School closures and distance learning continue to have a drastic impact on students, primarily students of color in low-income neighborhoods, reflective of the growing educational inequities that have accelerated since the pandemic. 

The crisis is hurting budgets at community organizations even as the need for their services increases dramatically. To bolster their financial stability, in July we made core support grants to 29 education partners.

But we need more than stability to address the deep fissures exposed by the coronavirus. We need change. 

Rather than maintaining ineffective models that deepen racial and economic inequities, we have an opportunity to transform our education system. Part of the Pandemic Relief Funding is going towards a new TransformED Program, investing in a dozen local organizations with a track record of student-centered services and advocacy, taking steps to reimagine our system in an equitable way.

TransformED grantees will help scale up innovative practices that address inequities in Los Angeles’s highest need communities. Initiatives receiving grant funding: 

  • address the digital divide
  • increase capacity building for educators
  • establish social-emotional support for families
  • strengthen college readiness
  • fortify school stakeholder engagement efforts. 

United Way will evaluate efforts in hopes of expanding promising programs systemwide.

A number of the grantees are developing holistic methods to form connections with students despite the challenges of distance learning.

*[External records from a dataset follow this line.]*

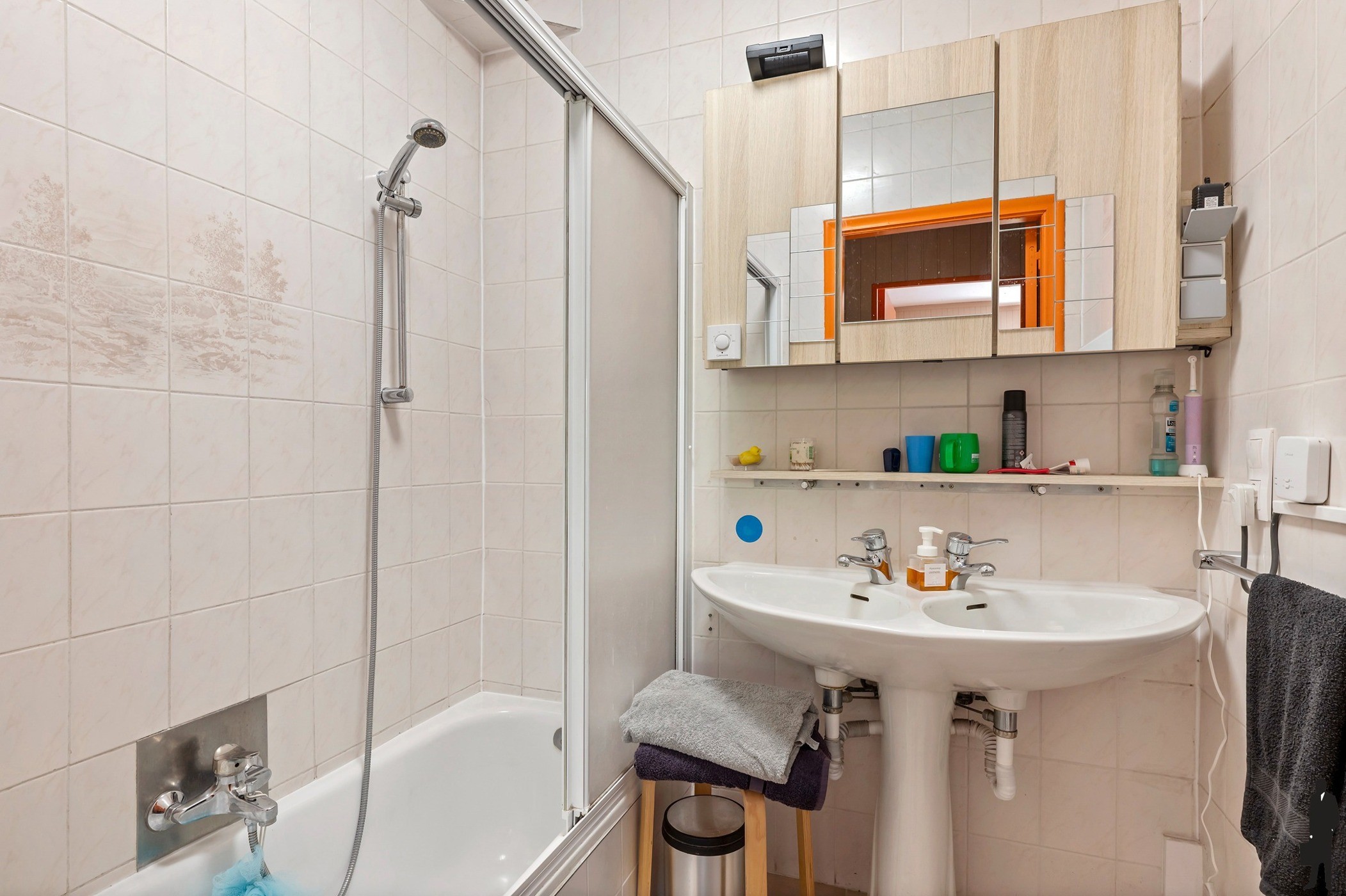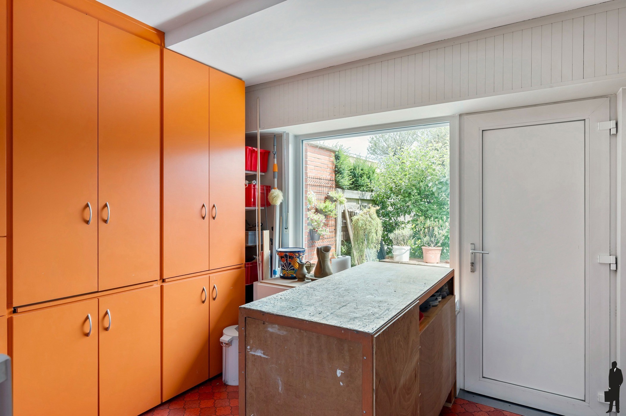 Gelijkvloerse verdieping: Via de inkomhal betreedt u de woning. Een ingemaakte kast onder de trap biedt hier een handige vestiaireoplossing. Daarnaast is er een apart gastentoilet. Op deze verdieping bevinden zich twee (slaap)kamers en een badkamer. De hoofdslaapkamer is uitgerust met rolluiken en geniet van een rustige ligging achteraan. De tweede kamer – momenteel ingericht als werkkamer – beschikt over ingemaakte kasten en biedt rechtstreeks toegang tot de tuin. De badkamer is voorzien van een douche in bad en een dubbele wastafel. Tot slot is er een inpandige garage met kantelpoort en aparte deur. Hier zijn ook aansluitingen voorzien voor wasmachine en droogkast.
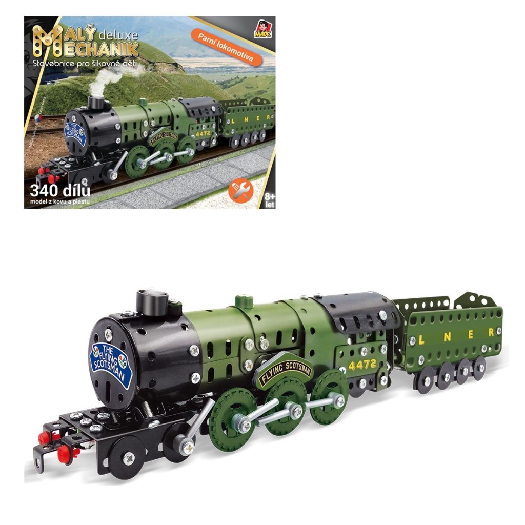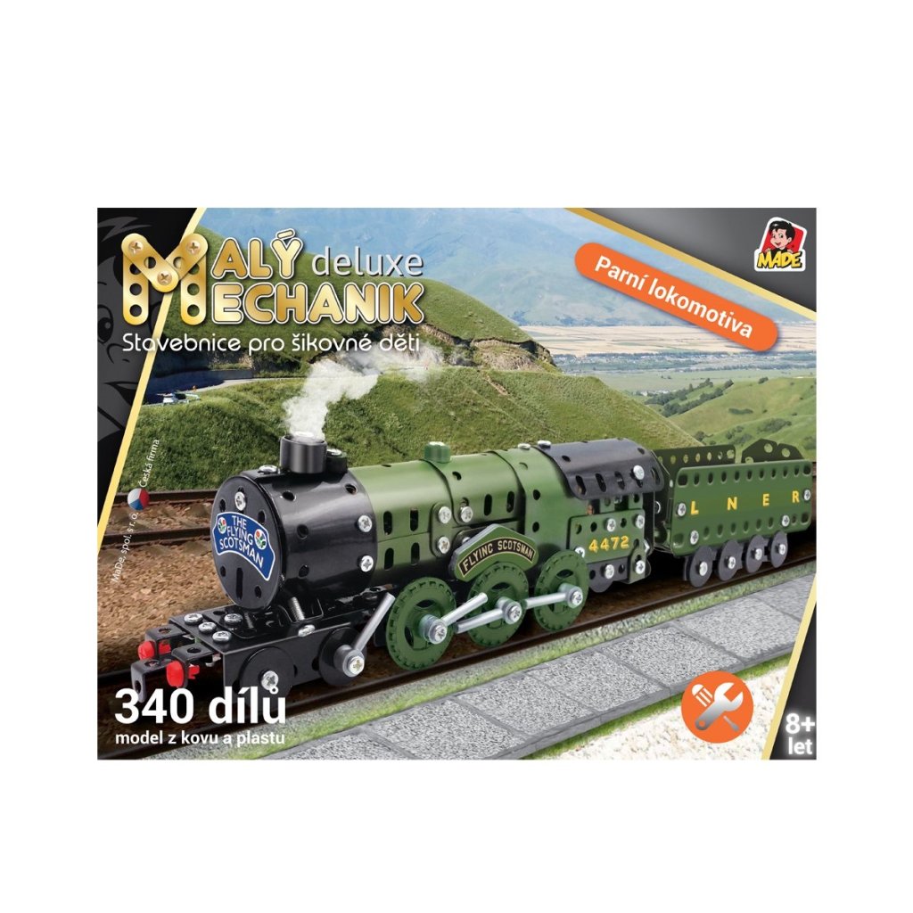 Malý mechanik - parná lokomotíva s uhl. Detská stavebnica Malý mechanik obsahuje kovové diely a plastové doplnky, spája sa pomocou skrutky a matičiek. 340 dielikov. Český box v grafickom dizajne radu Malý mechanik. Rozmer: 40,5 x 4,5 x 8 cm. Doporučený vek: 6 +Dodatočné parametre
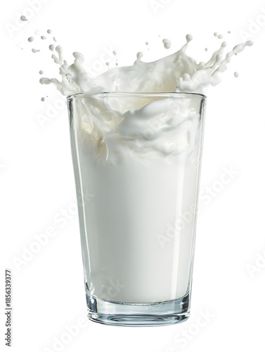 Glass of milk splashing isolated on transparent background
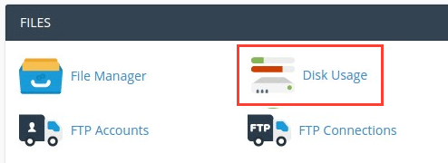Click the Disk Usage button in the Files section of your cPanel to see detailed information about your disk space usage.
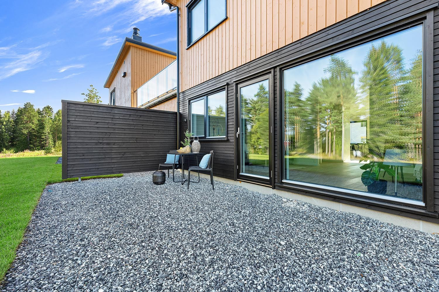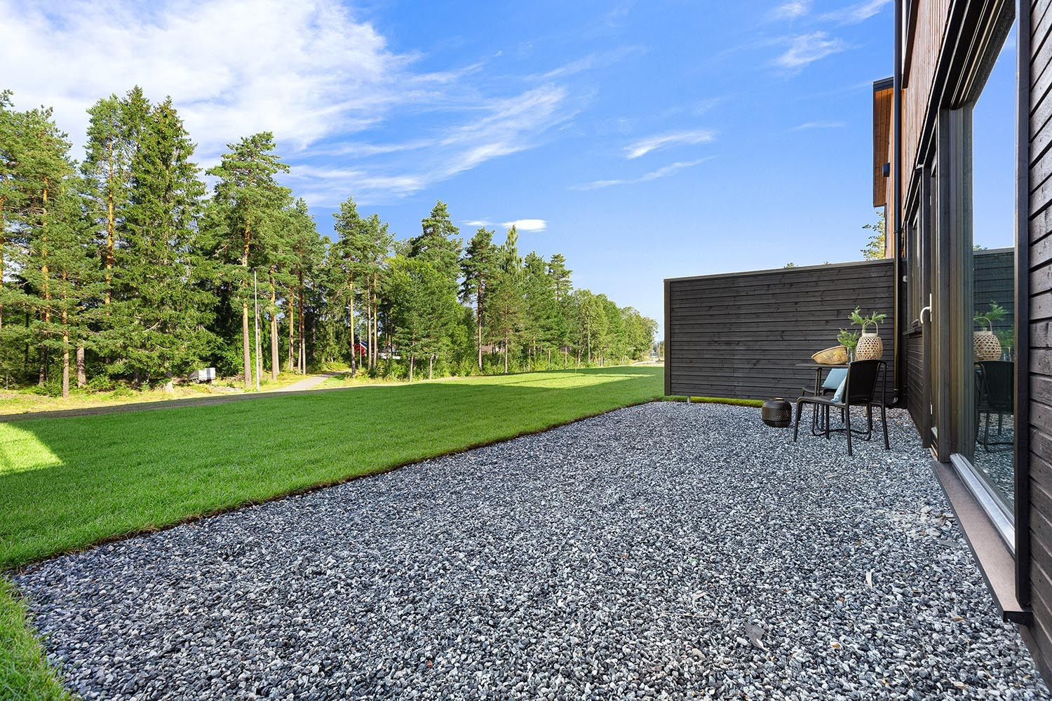 Flott, solrik hage ferdig opparbeidet med matjord og ferdigplen. Gruset område klargjort for å legge/bygge markterrasse.

Center for Powerful Public Schools
One of our TransformED grantees is the Center for Powerful Public Schools, which supports educators, schools, and districts to improve learning with a focus on historically underserved communities. The Center assists schools all over the world, but the heart of its work is in Los Angeles, where it is a founding member of the Communities for Los Angeles Student Success, (CLASS) Coalition we facilitate. 

The Center’s TransformED work will focus on distance learning training for teachers and administrators. “Students and teachers need support to connect and build relationships in order to thrive,” said Executive Director Alicia Montgomery. “This grant allows us to provide training to teachers and school administrators to increase the quality of strategies used to support students through social, emotional, and of course academic distance learning. We will continue to create platforms to share peer-to-peer best practices between educators, allowing them to grow in this unprecedented way of learning.”

COVID changes and observations
After the pandemic hit, the Center drastically changed their every day, in-person efforts. They put their annual summer bridge program for students online. They established remote educator training programs, as well as developing web-based resources for parents and teachers and continue to become more flexible in their support for teachers. 

Alicia Montgomery draws on her 11 years of teaching experience to inform her current role. “Seeing my kids in class filled my cup every day, having an impact daily filled my cup,” she said. “I understand the social and emotional needs of teachers. Many teachers are also parents, navigating the education of their own kids at home.”

The relationship with teachers is critical to student learning and growth. The Center offers different strategies to connect with students. “We need to change how we engage students, especially students whose cultures rely on engagement and relationships,” she remarked.

The Center creates a platform for teacher education as well as peer engagement and sharing of best practices. “One teacher spoke about how they greet each student by name as they join the classroom chat each day.”

Advice for teachers and administrators in the new school year
Ms. Montgomery asks teachers as they start the new year, “give yourself grace. Be patient with yourself, your family, your students. And just give yourself grace.”

She’s seen teachers and leaders rise to this challenge. She stated emphatically, “don’t limit yourself in what education can be post COVID-19. Now is the moment to think transformatively about education and how to serve students. The things we thought we couldn’t do without are no longer sacred. If we think creatively and transformatively we can come out with an education system that is better, stronger, more equitable, and engages parents in a way that we never have before.”

United Way of Greater Los Angeles is proud to support the efforts of the Center and our TransformED grantees. We recognize this unprecedented opportunity for change within our education system and understand that ensuring equity for our vulnerable students is the only way forward.